Inwiefern haben Sie die Konsumentinnen in die Produktentwicklung miteinbezogen?

SJ: Wir haben insbesondere Rivella-Refresh-Konsumentinnen und -Konsumenten miteinbezogen, denn wir wollten diese auf keinen Fall verlieren. Rivella Refresh hatte ja schon einen reduzierten Zuckeranteil. In quantitativer und qualitativer Marktforschung wurde dann die neue Rezeptur immer wieder getestet und weiterentwickelt.

Lohnt sich der ganze Aufwand für ein neues veganes Produkt überhaupt? Der Anteil der Veganer und Veganerinnen in der Schweizer Bevölkerung beträgt weniger als 1 Prozent.

SJ: Der Anteil der Veganerinnen und Veganer in der Bevölkerung ist gering, das ist richtig. Aber jede fünfte Person ist laktosesensitiv. Das sind insgesamt 1,7 Millionen Menschen in der Schweiz.
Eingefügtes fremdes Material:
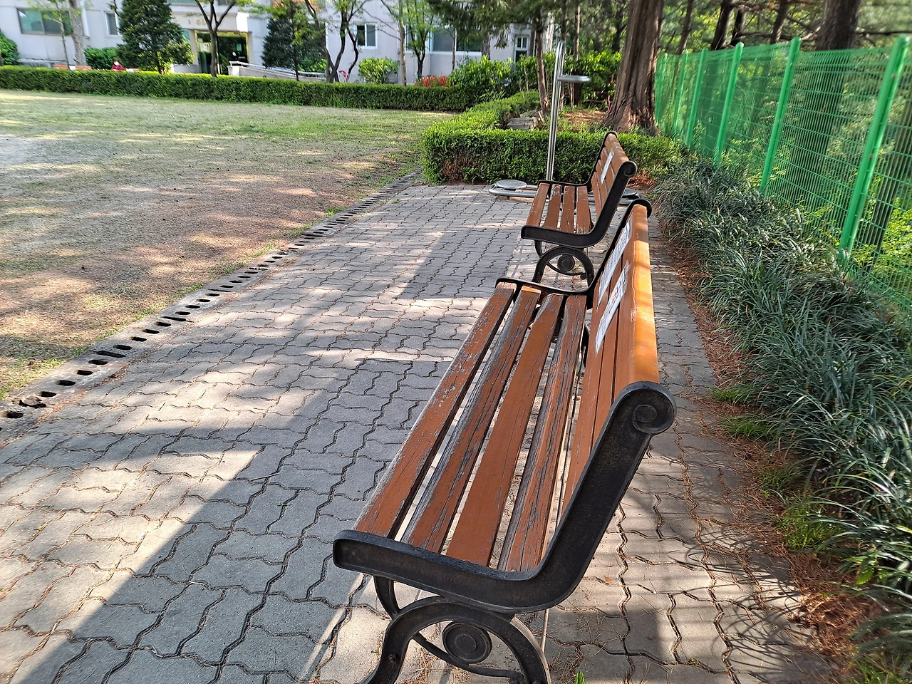 꽃이 가득한 아파트를 조금 걷다가 배드민턴장 앞 벤치에 앉았다. 팔십은 넘어 보이는 할머니와 그녀의 딸인지 간병인인지 모를 분이 팔짱을 끼고 잔디밭 한 면을 걷고 있다. 아마 연로하신 할머니와 무료함이 내려앉은 오후 시간에 잠시 운동 삼아 산책을 나온 것 같다. 두 사람은 햇빛을 가리는 분홍빛 모자에 지팡이를 짚고 마스크에 하얀 면 장갑을 똑같이 끼고 한눈에 쏙 들어오는 네모난 잔디밭 주변을 천천히 맴돈다.

Wie sah die Einführungskampagne aus?

AL: Am Dienstag nach Ostern, Anfang April, ist unsere nationale Werbekampagne mit TV, digitalen Videos und Social Media mit einem hohen Werbedruck gestartet. Während knapp zwei Monaten im April und Mai haben wir darauf aufmerksam gemacht, dass es ein neues Produkt gibt, das jetzt probiert werden kann. Zudem gab es auch eine Reihe von Marketingmassnahmen, die es so vorher noch nicht gegeben hatte.

Welche zum Beispiel?

AL: Die Pendlerzeitung «20 Minuten» und deren Website erschienen im gelben Look. In Zürich und Bern fährt ausserdem ein Tram, das wie eine gelbe Rivella-Flasche aussieht. Gerade auf Social Media findet dies grosse Beachtung.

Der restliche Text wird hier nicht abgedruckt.